• _INSTRUCTIONS FOR THE TASK_: A verbatim copy of the data below is the required output.

• _DATASET RECORDS_:
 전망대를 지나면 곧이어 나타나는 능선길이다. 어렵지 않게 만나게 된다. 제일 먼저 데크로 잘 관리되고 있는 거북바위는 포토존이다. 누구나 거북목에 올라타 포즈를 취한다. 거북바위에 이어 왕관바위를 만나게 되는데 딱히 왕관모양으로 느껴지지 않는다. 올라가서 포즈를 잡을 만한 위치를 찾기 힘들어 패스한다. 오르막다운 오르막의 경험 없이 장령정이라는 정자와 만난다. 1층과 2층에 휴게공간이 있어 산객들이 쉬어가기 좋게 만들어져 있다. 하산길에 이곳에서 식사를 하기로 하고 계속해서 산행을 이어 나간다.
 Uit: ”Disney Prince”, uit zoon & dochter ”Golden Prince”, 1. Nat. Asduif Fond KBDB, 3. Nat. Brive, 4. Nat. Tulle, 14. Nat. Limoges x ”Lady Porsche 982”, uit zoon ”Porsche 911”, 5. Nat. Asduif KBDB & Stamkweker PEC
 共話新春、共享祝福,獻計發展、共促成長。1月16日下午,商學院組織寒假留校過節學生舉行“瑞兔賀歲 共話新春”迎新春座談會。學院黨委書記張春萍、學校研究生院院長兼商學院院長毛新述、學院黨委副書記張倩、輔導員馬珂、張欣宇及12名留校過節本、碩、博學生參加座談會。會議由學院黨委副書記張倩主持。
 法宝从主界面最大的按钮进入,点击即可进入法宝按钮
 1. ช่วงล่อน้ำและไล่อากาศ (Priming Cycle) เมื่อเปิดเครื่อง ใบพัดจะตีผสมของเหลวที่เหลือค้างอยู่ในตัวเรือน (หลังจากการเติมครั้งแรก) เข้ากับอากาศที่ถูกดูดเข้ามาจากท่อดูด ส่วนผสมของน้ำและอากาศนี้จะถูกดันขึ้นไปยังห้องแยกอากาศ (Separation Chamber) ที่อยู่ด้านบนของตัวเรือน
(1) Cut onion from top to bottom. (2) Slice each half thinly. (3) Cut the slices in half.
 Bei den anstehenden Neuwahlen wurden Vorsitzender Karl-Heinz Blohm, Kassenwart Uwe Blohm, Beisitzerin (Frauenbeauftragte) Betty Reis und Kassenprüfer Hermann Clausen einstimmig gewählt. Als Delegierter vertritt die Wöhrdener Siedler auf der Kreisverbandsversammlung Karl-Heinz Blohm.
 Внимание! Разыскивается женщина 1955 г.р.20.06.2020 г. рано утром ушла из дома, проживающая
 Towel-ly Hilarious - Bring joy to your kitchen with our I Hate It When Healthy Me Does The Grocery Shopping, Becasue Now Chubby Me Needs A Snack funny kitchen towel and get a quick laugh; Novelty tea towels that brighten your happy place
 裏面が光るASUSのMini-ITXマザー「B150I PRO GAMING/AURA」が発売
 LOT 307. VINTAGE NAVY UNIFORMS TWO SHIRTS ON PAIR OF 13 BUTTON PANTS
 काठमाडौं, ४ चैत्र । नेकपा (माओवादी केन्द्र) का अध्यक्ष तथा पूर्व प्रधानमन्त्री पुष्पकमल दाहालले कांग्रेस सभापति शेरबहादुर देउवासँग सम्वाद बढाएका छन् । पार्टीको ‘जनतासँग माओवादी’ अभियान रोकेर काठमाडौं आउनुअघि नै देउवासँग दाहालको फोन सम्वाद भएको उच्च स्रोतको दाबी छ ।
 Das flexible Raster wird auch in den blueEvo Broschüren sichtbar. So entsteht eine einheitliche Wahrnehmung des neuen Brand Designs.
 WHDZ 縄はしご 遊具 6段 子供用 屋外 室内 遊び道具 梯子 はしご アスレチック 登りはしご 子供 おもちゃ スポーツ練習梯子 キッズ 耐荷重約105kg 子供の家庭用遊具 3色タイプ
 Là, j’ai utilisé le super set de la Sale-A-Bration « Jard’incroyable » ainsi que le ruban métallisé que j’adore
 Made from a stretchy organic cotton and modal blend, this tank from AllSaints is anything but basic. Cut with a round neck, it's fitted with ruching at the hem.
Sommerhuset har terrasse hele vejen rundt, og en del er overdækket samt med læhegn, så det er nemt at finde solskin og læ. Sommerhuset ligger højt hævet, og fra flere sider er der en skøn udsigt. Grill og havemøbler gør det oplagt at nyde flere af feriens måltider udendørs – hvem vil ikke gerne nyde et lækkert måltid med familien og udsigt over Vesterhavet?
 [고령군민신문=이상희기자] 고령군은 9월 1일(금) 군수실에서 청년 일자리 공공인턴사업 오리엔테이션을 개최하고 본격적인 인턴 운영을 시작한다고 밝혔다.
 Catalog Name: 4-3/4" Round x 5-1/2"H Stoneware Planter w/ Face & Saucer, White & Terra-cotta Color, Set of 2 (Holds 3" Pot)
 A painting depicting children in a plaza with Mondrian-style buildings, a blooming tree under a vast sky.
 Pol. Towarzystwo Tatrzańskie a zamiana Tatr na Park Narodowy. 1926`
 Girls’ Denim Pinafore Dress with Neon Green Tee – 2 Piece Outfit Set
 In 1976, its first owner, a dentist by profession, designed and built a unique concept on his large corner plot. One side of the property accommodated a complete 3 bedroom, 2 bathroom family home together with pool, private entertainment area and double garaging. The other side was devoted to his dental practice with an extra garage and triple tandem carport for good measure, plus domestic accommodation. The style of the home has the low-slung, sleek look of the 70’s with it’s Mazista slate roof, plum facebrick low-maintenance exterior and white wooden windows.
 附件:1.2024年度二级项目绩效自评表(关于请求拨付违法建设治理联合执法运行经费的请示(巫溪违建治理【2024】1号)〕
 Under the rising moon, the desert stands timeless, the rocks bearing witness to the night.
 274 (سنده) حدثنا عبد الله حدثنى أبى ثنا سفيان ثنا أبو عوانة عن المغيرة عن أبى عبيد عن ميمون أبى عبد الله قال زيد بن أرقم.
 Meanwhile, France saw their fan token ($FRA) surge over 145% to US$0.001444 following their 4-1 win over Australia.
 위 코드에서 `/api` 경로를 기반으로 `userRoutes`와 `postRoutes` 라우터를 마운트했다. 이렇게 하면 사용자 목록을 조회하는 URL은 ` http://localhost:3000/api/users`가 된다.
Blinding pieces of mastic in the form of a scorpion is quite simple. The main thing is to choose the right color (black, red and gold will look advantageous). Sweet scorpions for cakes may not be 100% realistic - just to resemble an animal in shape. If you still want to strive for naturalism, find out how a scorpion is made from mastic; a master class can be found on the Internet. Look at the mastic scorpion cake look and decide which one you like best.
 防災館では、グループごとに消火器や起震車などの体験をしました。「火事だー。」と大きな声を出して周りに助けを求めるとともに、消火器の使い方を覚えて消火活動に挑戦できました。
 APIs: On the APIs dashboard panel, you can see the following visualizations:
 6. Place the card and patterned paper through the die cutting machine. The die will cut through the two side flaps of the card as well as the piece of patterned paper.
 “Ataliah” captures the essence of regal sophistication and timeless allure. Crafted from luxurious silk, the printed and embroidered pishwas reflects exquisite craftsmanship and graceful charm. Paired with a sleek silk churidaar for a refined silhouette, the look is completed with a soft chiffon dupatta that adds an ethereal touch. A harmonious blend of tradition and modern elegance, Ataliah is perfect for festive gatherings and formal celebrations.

• _EXERCISE RESPONSE_:
 전망대를 지나면 곧이어 나타나는 능선길이다. 어렵지 않게 만나게 된다. 제일 먼저 데크로 잘 관리되고 있는 거북바위는 포토존이다. 누구나 거북목에 올라타 포즈를 취한다. 거북바위에 이어 왕관바위를 만나게 되는데 딱히 왕관모양으로 느껴지지 않는다. 올라가서 포즈를 잡을 만한 위치를 찾기 힘들어 패스한다. 오르막다운 오르막의 경험 없이 장령정이라는 정자와 만난다. 1층과 2층에 휴게공간이 있어 산객들이 쉬어가기 좋게 만들어져 있다. 하산길에 이곳에서 식사를 하기로 하고 계속해서 산행을 이어 나간다.
 Uit: ”Disney Prince”, uit zoon & dochter ”Golden Prince”, 1. Nat. Asduif Fond KBDB, 3. Nat. Brive, 4. Nat. Tulle, 14. Nat. Limoges x ”Lady Porsche 982”, uit zoon ”Porsche 911”, 5. Nat. Asduif KBDB & Stamkweker PEC
 共話新春、共享祝福,獻計發展、共促成長。1月16日下午,商學院組織寒假留校過節學生舉行“瑞兔賀歲 共話新春”迎新春座談會。學院黨委書記張春萍、學校研究生院院長兼商學院院長毛新述、學院黨委副書記張倩、輔導員馬珂、張欣宇及12名留校過節本、碩、博學生參加座談會。會議由學院黨委副書記張倩主持。
 法宝从主界面最大的按钮进入,点击即可进入法宝按钮
 1. ช่วงล่อน้ำและไล่อากาศ (Priming Cycle) เมื่อเปิดเครื่อง ใบพัดจะตีผสมของเหลวที่เหลือค้างอยู่ในตัวเรือน (หลังจากการเติมครั้งแรก) เข้ากับอากาศที่ถูกดูดเข้ามาจากท่อดูด ส่วนผสมของน้ำและอากาศนี้จะถูกดันขึ้นไปยังห้องแยกอากาศ (Separation Chamber) ที่อยู่ด้านบนของตัวเรือน
(1) Cut onion from top to bottom. (2) Slice each half thinly. (3) Cut the slices in half.
 Bei den anstehenden Neuwahlen wurden Vorsitzender Karl-Heinz Blohm, Kassenwart Uwe Blohm, Beisitzerin (Frauenbeauftragte) Betty Reis und Kassenprüfer Hermann Clausen einstimmig gewählt. Als Delegierter vertritt die Wöhrdener Siedler auf der Kreisverbandsversammlung Karl-Heinz Blohm.
 Внимание! Разыскивается женщина 1955 г.р.20.06.2020 г. рано утром ушла из дома, проживающая
 Towel-ly Hilarious - Bring joy to your kitchen with our I Hate It When Healthy Me Does The Grocery Shopping, Becasue Now Chubby Me Needs A Snack funny kitchen towel and get a quick laugh; Novelty tea towels that brighten your happy place
 裏面が光るASUSのMini-ITXマザー「B150I PRO GAMING/AURA」が発売
 LOT 307. VINTAGE NAVY UNIFORMS TWO SHIRTS ON PAIR OF 13 BUTTON PANTS
 काठमाडौं, ४ चैत्र । नेकपा (माओवादी केन्द्र) का अध्यक्ष तथा पूर्व प्रधानमन्त्री पुष्पकमल दाहालले कांग्रेस सभापति शेरबहादुर देउवासँग सम्वाद बढाएका छन् । पार्टीको ‘जनतासँग माओवादी’ अभियान रोकेर काठमाडौं आउनुअघि नै देउवासँग दाहालको फोन सम्वाद भएको उच्च स्रोतको दाबी छ ।
 Das flexible Raster wird auch in den blueEvo Broschüren sichtbar. So entsteht eine einheitliche Wahrnehmung des neuen Brand Designs.
 WHDZ 縄はしご 遊具 6段 子供用 屋外 室内 遊び道具 梯子 はしご アスレチック 登りはしご 子供 おもちゃ スポーツ練習梯子 キッズ 耐荷重約105kg 子供の家庭用遊具 3色タイプ
 Là, j’ai utilisé le super set de la Sale-A-Bration « Jard’incroyable » ainsi que le ruban métallisé que j’adore
 Made from a stretchy organic cotton and modal blend, this tank from AllSaints is anything but basic. Cut with a round neck, it's fitted with ruching at the hem.
Sommerhuset har terrasse hele vejen rundt, og en del er overdækket samt med læhegn, så det er nemt at finde solskin og læ. Sommerhuset ligger højt hævet, og fra flere sider er der en skøn udsigt. Grill og havemøbler gør det oplagt at nyde flere af feriens måltider udendørs – hvem vil ikke gerne nyde et lækkert måltid med familien og udsigt over Vesterhavet?
 [고령군민신문=이상희기자] 고령군은 9월 1일(금) 군수실에서 청년 일자리 공공인턴사업 오리엔테이션을 개최하고 본격적인 인턴 운영을 시작한다고 밝혔다.
 Catalog Name: 4-3/4" Round x 5-1/2"H Stoneware Planter w/ Face & Saucer, White & Terra-cotta Color, Set of 2 (Holds 3" Pot)
 A painting depicting children in a plaza with Mondrian-style buildings, a blooming tree under a vast sky.
 Pol. Towarzystwo Tatrzańskie a zamiana Tatr na Park Narodowy. 1926`
 Girls’ Denim Pinafore Dress with Neon Green Tee – 2 Piece Outfit Set
 In 1976, its first owner, a dentist by profession, designed and built a unique concept on his large corner plot. One side of the property accommodated a complete 3 bedroom, 2 bathroom family home together with pool, private entertainment area and double garaging. The other side was devoted to his dental practice with an extra garage and triple tandem carport for good measure, plus domestic accommodation. The style of the home has the low-slung, sleek look of the 70’s with it’s Mazista slate roof, plum facebrick low-maintenance exterior and white wooden windows.
 附件:1.2024年度二级项目绩效自评表(关于请求拨付违法建设治理联合执法运行经费的请示(巫溪违建治理【2024】1号)〕
 Under the rising moon, the desert stands timeless, the rocks bearing witness to the night.
 274 (سنده) حدثنا عبد الله حدثنى أبى ثنا سفيان ثنا أبو عوانة عن المغيرة عن أبى عبيد عن ميمون أبى عبد الله قال زيد بن أرقم.
 Meanwhile, France saw their fan token ($FRA) surge over 145% to US$0.001444 following their 4-1 win over Australia.
 위 코드에서 `/api` 경로를 기반으로 `userRoutes`와 `postRoutes` 라우터를 마운트했다. 이렇게 하면 사용자 목록을 조회하는 URL은 ` http://localhost:3000/api/users`가 된다.
Blinding pieces of mastic in the form of a scorpion is quite simple. The main thing is to choose the right color (black, red and gold will look advantageous). Sweet scorpions for cakes may not be 100% realistic - just to resemble an animal in shape. If you still want to strive for naturalism, find out how a scorpion is made from mastic; a master class can be found on the Internet. Look at the mastic scorpion cake look and decide which one you like best.
 防災館では、グループごとに消火器や起震車などの体験をしました。「火事だー。」と大きな声を出して周りに助けを求めるとともに、消火器の使い方を覚えて消火活動に挑戦できました。
 APIs: On the APIs dashboard panel, you can see the following visualizations:
 6. Place the card and patterned paper through the die cutting machine. The die will cut through the two side flaps of the card as well as the piece of patterned paper.
 “Ataliah” captures the essence of regal sophistication and timeless allure. Crafted from luxurious silk, the printed and embroidered pishwas reflects exquisite craftsmanship and graceful charm. Paired with a sleek silk churidaar for a refined silhouette, the look is completed with a soft chiffon dupatta that adds an ethereal touch. A harmonious blend of tradition and modern elegance, Ataliah is perfect for festive gatherings and formal celebrations.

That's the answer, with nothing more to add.